Moving in a north-northwesterly direction, the Depression, which was located over Saurashtra, Kutch, and neighbouring areas, which was the system, re-intensified into the depression over northeast Arabian Sea, and lay centred near lat. 22.50N/long. 68.50E about 50 km west-northwest of Dwarka and 300 km south-southeast of Karachi at 0900 UTC on 25 June. Moving slowing in a northerly direction, the system weakened into a well marked low-pressure area at 0000 UTC on 26 June over Kutch and its neighbouring regions. However, later on June 26, Depression ARB 02 dissipated completely. Mangrol in Gujarat recorded 130 mm of rainfall on 27 June.

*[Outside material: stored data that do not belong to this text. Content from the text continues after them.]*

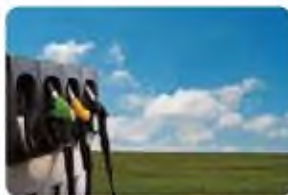
Kinh doanh xăng dầu Petroleum Trading
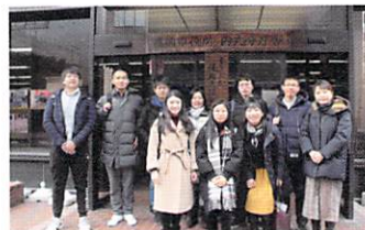
2019年 岩手県盛岡市 Morioka City, Iwate Prefecture (2019)
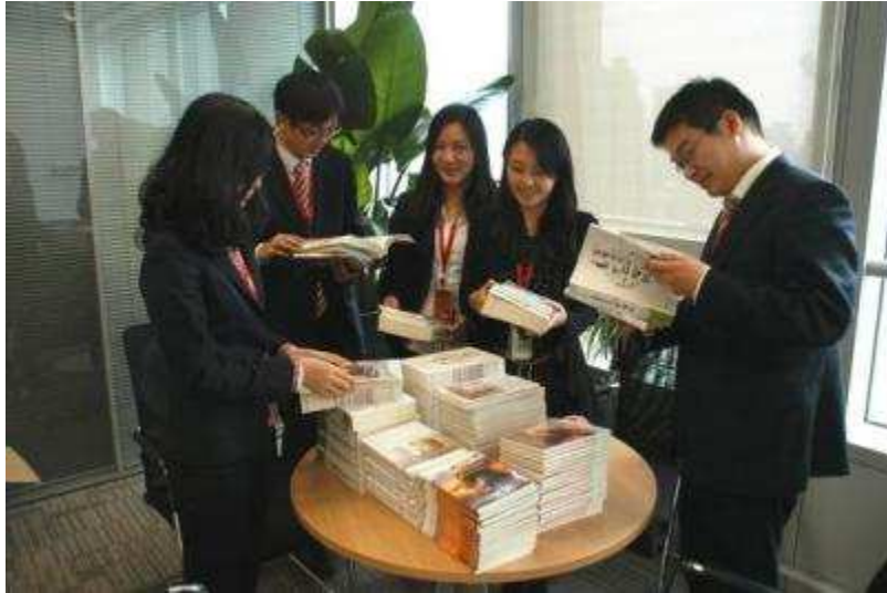
图 12 上海信托团支部每季度为团员青年发放优秀书籍
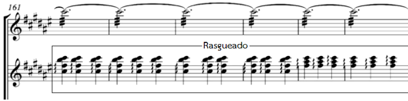
ภาพที่ 9 ตัวอย่างการเลือกใช้เทคนิคการกวาดสาย ห้องที่ 161 – 166
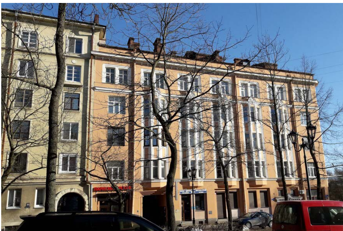
Фото 2. Вид на Объект со стороны бульвара им. М.И. Кутузова.
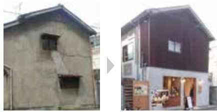
改修イメージ(改修前→改修後)

空家の利活用を予定されている方に、住宅の性能向上や、こども食堂・高齢者サロンといった地域まちづくりのための用途に改修する費用等の一部を補助します。補助内容など、詳しくは☎をご覧ください。
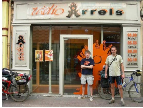
La plana del Rosselló amb el Canigó de sentinella. Dos dels expedicionaris davant de Ràdio Arrels a Perpinyà. Punt final de la travessa

Travessa realitzada del 30 de Març al 18 d'Abril de 2007
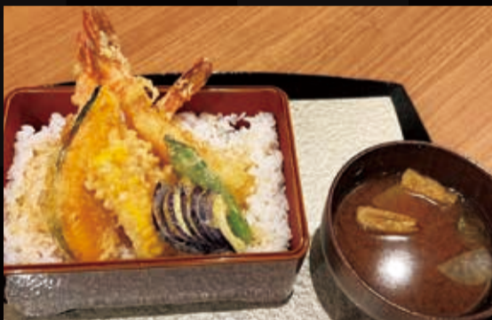
25. 海老天重 (3尾)
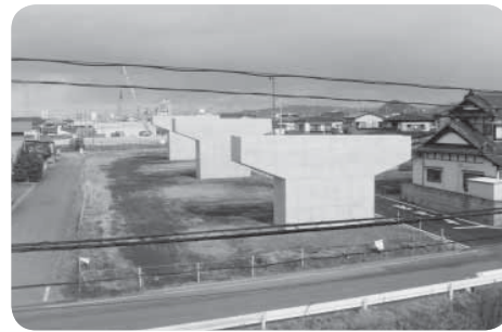
◀ 道路改良工事の進む石巻工業港曾波神線

このことから、関係機関との協議により、横断歩道、信号機の必要箇所への設置や各種交通安全施設の設置を図るなど、交通安全対策を講じていく。
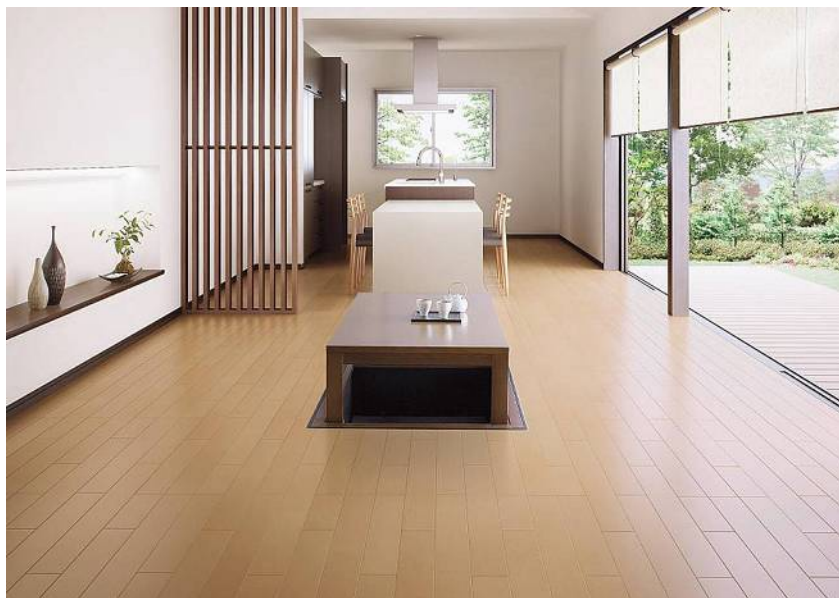
※イメージ写真のため実際とは異なる場合がございます。
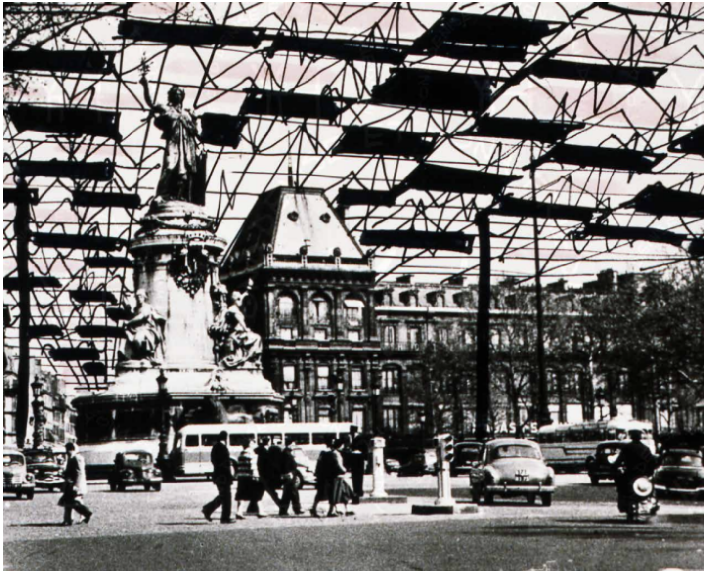
Paris spatial, dessins et photomontage, Fond Denise et Yona Friedman.

In Italia uno degli artefici della partecipazione è l'architetto Giancarlo De Carlo che la adotta nel 1966 quando elabora il Piano Regolatore di Urbino, nel 1969 per il Piano particolareggiato di Rimini e infine per il Villaggio Matteotti a Terni nei primi anni settanta, in cui l'architetto genovese ascolta e interpreta i desideri degli abitanti per trasformarli in architettura. Diversamente Friedman propone che l'abitante sia il fautore dell'oggetto architettonico senza l'aiuto dell'architetto. Infatti la storia dell'abitare ci ha tramandato nei secoli case che sono state costruite dai loro abitanti per soddisfare i loro bisogni. Questo avviene soprattutto nei contesti poveri come quelli della cosiddetta architettura informale sia in Europa sia in Latinoamerica, archetipi da cui si sono nutriti generazioni di architetti. Nel 1964 Bernard Rudofsky cura la mostra al MoMA Architecture without Architects An introduction to a Non-Pedigreed Architecture , in cui analizza proprio le architetture senza autore. Architetture nate dalla creatività dei loro abitanti per necessità, dalle costruzioni cinesi alle case mediterranee, dalle architetture nomadi del deserto sahariano alle architetture vernacolari italiane. Friedman fin dai suoi primi disegni dell' Architecture Mobile agisce con strutture modulari e reticolari, evoluzione delle tende dei nomadi del deserto, così anche il lavoro di Rudofsky non deve essergli stato estraneo, troppe le affinità.
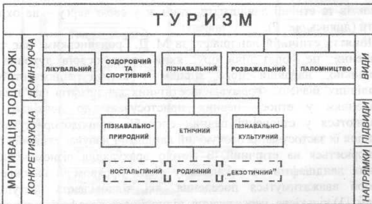
Рис. 1. Логічна схема місця етнічного туризму у класифікації туризму за мотивацією подорожі

Загальноприйнятої дефініції поняття «етнічний туризм» наразі не розроблено. Деякі дослідники пов'язують етнічний туризм з відвідуванням родичів чи місць народження батьків та вважають його лише міжнародним видом. Інші - мають на увазі поїздки з метою етнічного єднання, тобто викликані ностальгічною мотивацією (наприклад, відвідування представниками діаспори своєї історичної батьківщини). У зарубіжній туристичній практиці та науковій літературі під етнічним туризмом найчастіше розуміють міжнародний вид туризму, метою якого є ознайомлення з «екзотичними» етносами, які у повній мірі зберегли традиційні, архаїчні риси матеріальної та духовної культури.
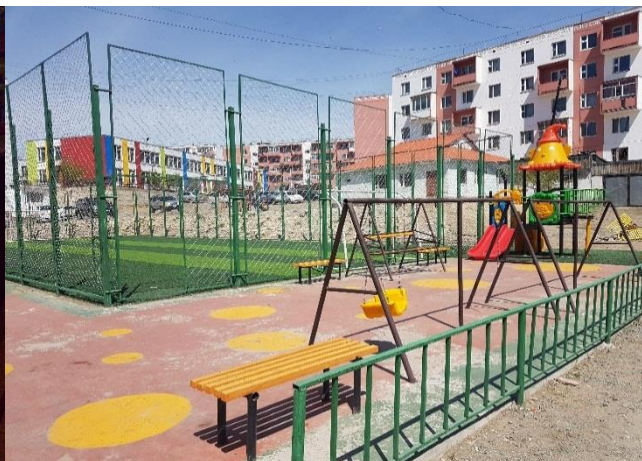
/Сүхбаатар сумын Шарын 11,12,13 байрны дунд тоглоомын талбай /

3.7 Харин ашиглалтад хүлээн аваад нэг жил ч болоогүй байхад Сүхбаатар сумын 7-р багийн хүүхдийн тоглоомын талбайн сагсны 1 талын самбар хагарч, хүрээ эвдэрсэн, Цагаан эрэг цогцолборын төмөр хашаа болон бетонон баганы тосон будаг, эмульс халцарч, өнгө үзэмж нь муудсан, засвар хийсэн эсэх нь мэдэгдэхээргүй байдалтай болсон байлаа. Цаашид орон нутгийн төсвийн хөрөнгө оруулалтаар хэрэгжсэн нийтийн эзэмшлийн тоглоомын талбай болон цогцолборын хөрөнгө оруулалтын ажлуудад ашиглаж, хэрэглэсэн түүхий эд материал, тоног төхөөрөмжийн чанарын байдалд захиалагчийн зүгээс тавих хяналт шалгалтын үр нөлөөг тогтмол сайжруулж байх нь зүйтэй юм.
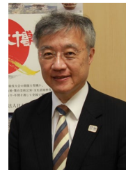
パネリスト 中岡 司 文化庁次長
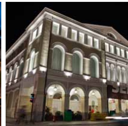
2011 - Valladolid - España
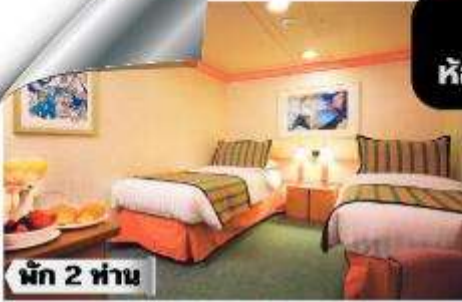
IC-Inside Classic >> ชั้น 1
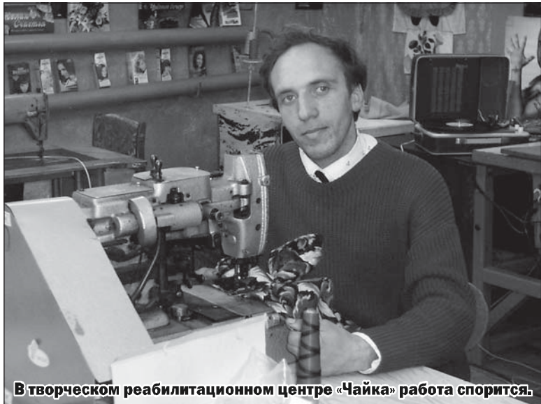
В творческом реабилитационном центре «Чайка» работа спорится.
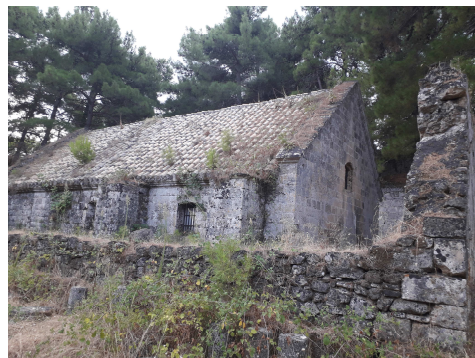
Fig. 8. Il Forte di Zante, resti della Polveriera, stato attuale (Gkrimpa, 2019).

getazione. La sola permanenza effettiva che disegna la sommità della collina, perché integre, sono le mura e i bastioni che oggi delimitano un grande parco.
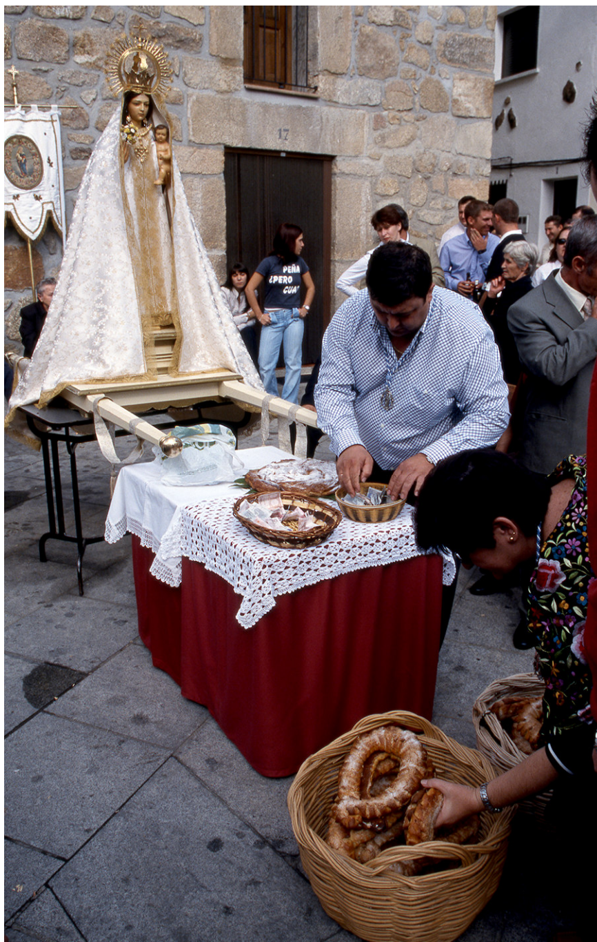
Las rosas de la Virgen del Rosario en Viandar.
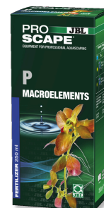
JBL PROSCAPE P MACROELEMENTS Engrais végétal au phosphore pour aquascaping
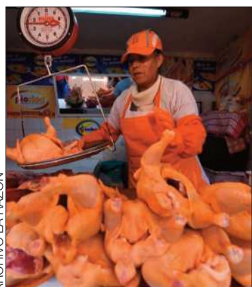
Venta de la carne de pollo.

El sector advierte sobre una crisis en la producción del producto
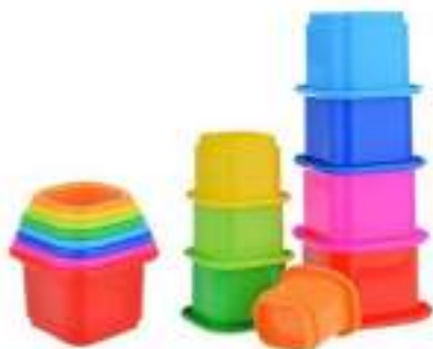
Рисунок 42. Пирамидка детская стаканчики "Занимательная 2", Стеллар Stellar
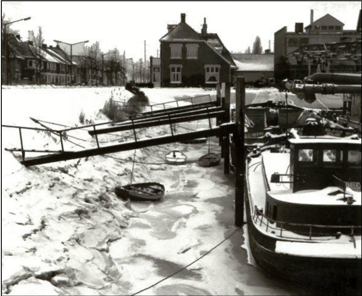
Winters beeld van de Sliedrechtse haven ...

Een winters plaatje uit het verleden van de Sliedrechtse haven. Werd het beeld vroeger bepaald door het baggermaterieel, nu overheerst daar de ‘vloot’ van de plezierjachten. Tijdens strenge winters werd er op het ijs van de haven door oud en jong vaak geschaatst.
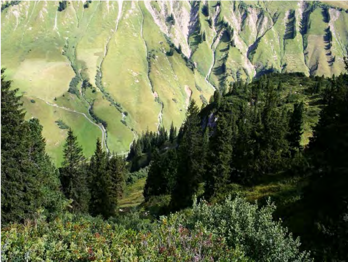
Abbildung 12: Zirbenwaldreste auf Schröckener Gemeindegebiet über den westexponierten Abhängen des Saloberkopfes; die Bestände liegen innerhalb artenreicher Zwergstrauchbestände (im Vordergrund) und Weiderasen.
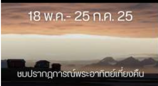
ชมปรากฏการณ์พระอาทิตย์เที่ยงคืน
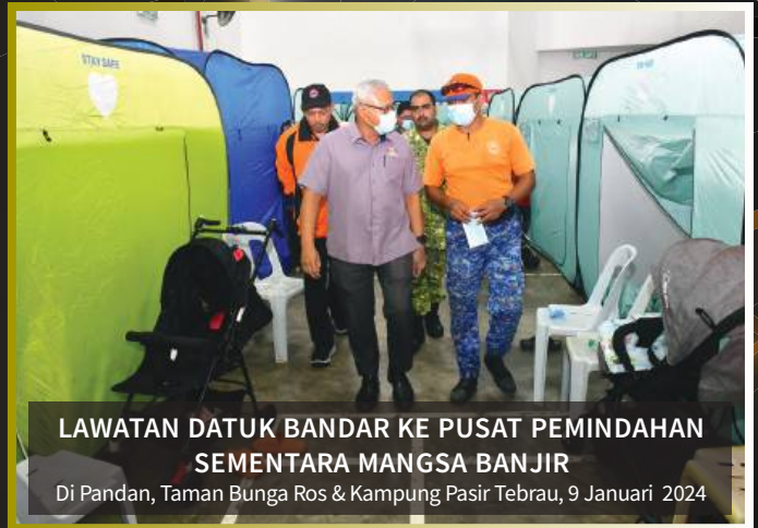
LAWATAN DATUK BANDAR KE PUSAT PEMINDAHAN SEMENTARA MANGSA BANJIR Di Pandan, Taman Bunga Ros & Kampung Pasir Tebrau, 9 Januari 2024
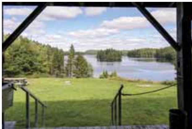
The view of Sheen Lake from the deck of Dark Horse Hideaway lodge at Brennan's Recreational Farms.
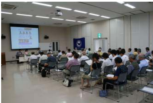
シンポジウム会場

また、私たちの町にこのような経験をされた方がおられる事を知る素晴らしい機会でした。
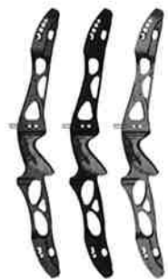
Merlin recurve midtstykke – velbalansert og justerbar
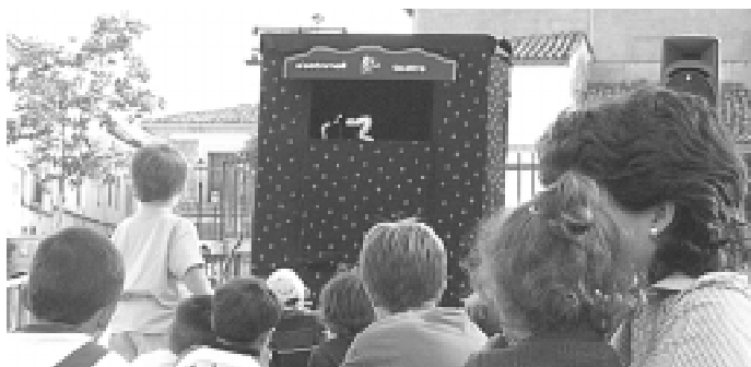
Representació de Pupurri , a càrrec de s'Estornell Teatre

Per animar la diada, el grup s'Estornell Teatre interpretà l'espectacle de titelles Pupurri .
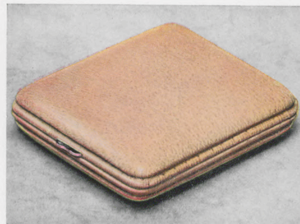
8 x 9 cm
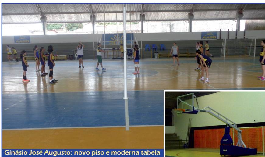
Ginásio José Augusto: novo piso e moderna tabela

A dinâmica esportiva da AABB Natal segue tendências mundiais, com práticas saudáveis e de resultado comprovado. Os aulas são um exemplo. Trata-se de aulas de treinamento funcional ao ar livre, que cada vez mais reúne novos adeptos e atletas já experientes.
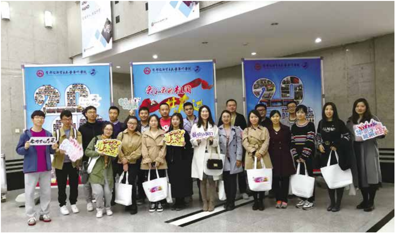
华侨学院05级部分校友合影
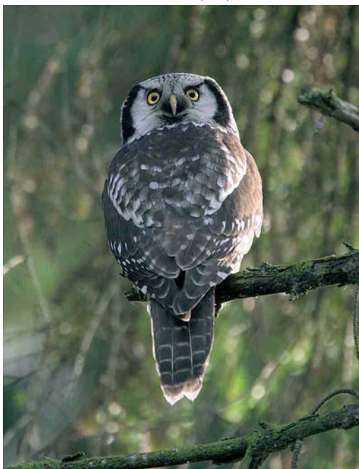
562 Sperweruil / Northern Hawk Owl Surnia ulula, eerstejaars, Westerbork, Drenthe, 31 oktober 2005
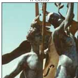
Arman "Apollo e Dafne"
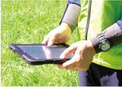
カットデザイナーが所持しているiPadは作業の進捗管理だけでなく、安全喚起にも利用しています
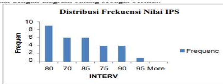
Gambar 4.2 Diagram Batang Distribusi Frekuensi Nilai IPS

Berdasarkan tabel distribusi frekuensi data nilai IPS pada penelitian ini dapat digambarkan dengan diagram batang sebagai berikut:
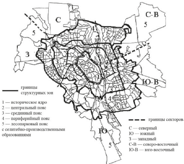
Рис. 2. Поясно-секторная структура Киева
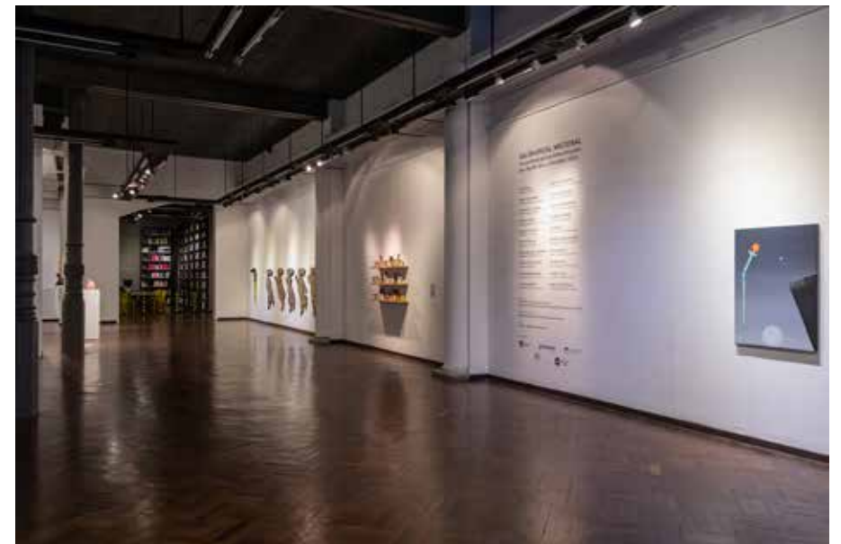
Pared larga Sala A y Sala B, desde Sala A hacia Biblioteca
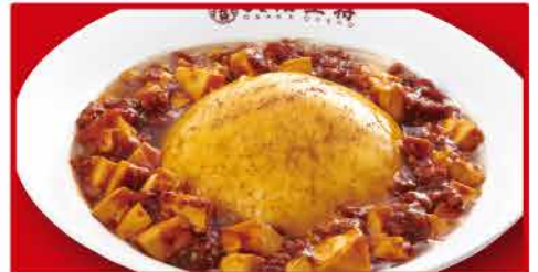
ふわとろ麻婆天津飯 760円
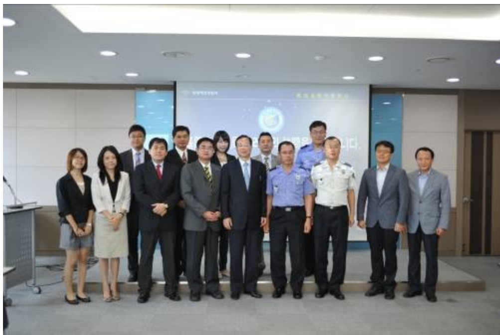
圖十二、與代表部人員、平澤各單位首長合影。
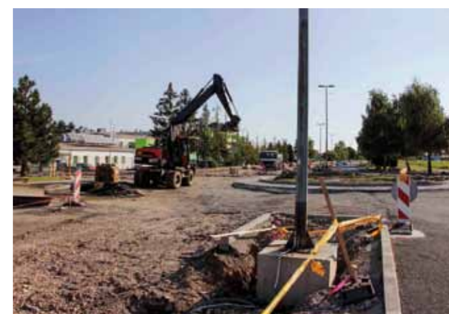
Rekonstrukcija raskrižja velik je građevinski zahvat i jedna od ovogodišnjih kapitalnih investicija koju Grad realizira u suradnji s MUP-om Hrvatske

Vrijednost ove investicije je gotovo 2,7 milijuna kuna, od čega je sa 70 posto sufinancira MUP Hrvatske, a ostalo osigurava Grad Ivanec. Grad je ova sredstva povukao temeljem uspješnog kandidiranja na MUP-ov javni poziv za dostavu projekata
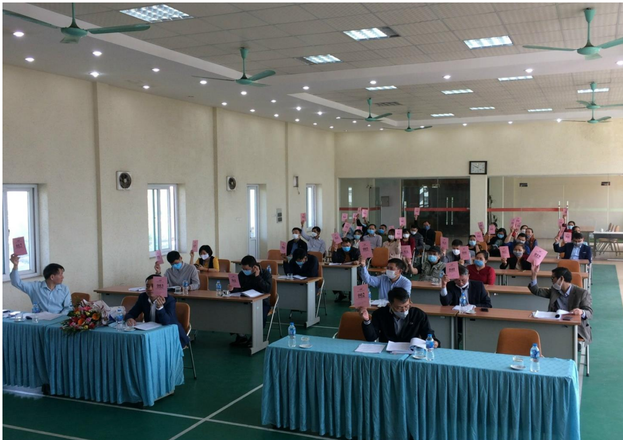
Chủ tịch giao nhiệm vụ và chúc mừng Tổng giám đốc –TVHĐQT bổ sung
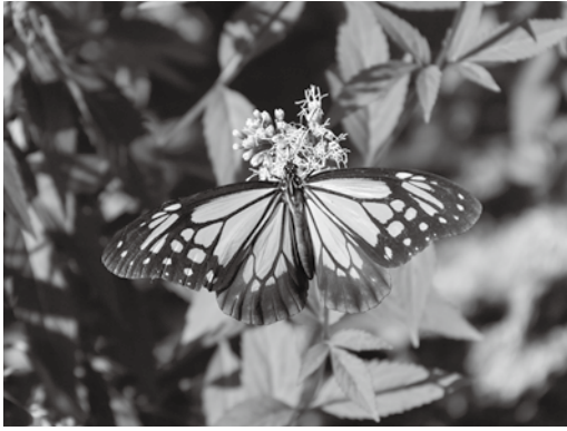
▲会で整備しているアサギマダラ園には、今年も多くのアサギマダラが飛来。

◆公益財団法人山口きらめき財団表彰 「県民活動きらめき賞」 花の咲く夕日の里づくりの会
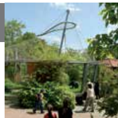
Адрес: Reilstraße 57

Для примерно 1 700 животных более 250 разновидностей с пяти континентов Горный зоопарк Галле стал родным домом. Зоопарк, территория которого достигает девяти гектаров, находится на горе Райльсберг, где извилистые тропинки ведут вдоль вольеров к обзорной башне.

=== Deep Depression BOB 03 ===

Early on July 20, RSMC New Delhi reported that Depression BOB 03 had formed about 120 km (75 miles) to the southeast of Digha. Convection had been gradually organizing itself over the last 12 hours, and was in an area of low to moderate vertical wind shear. The Depression then intensified further and became a Deep Depression that afternoon before making landfall crossed north Orissa-West Bengal coast between Balasore and Digha during 1600 and 1700 UTC later that day. The Deep Depression gradually weakened before becoming a low-pressure area early the next day. Binika in Orissa received 220 mm rainfall on 21 July. Around 43 people lost their lives in the state of Orissa.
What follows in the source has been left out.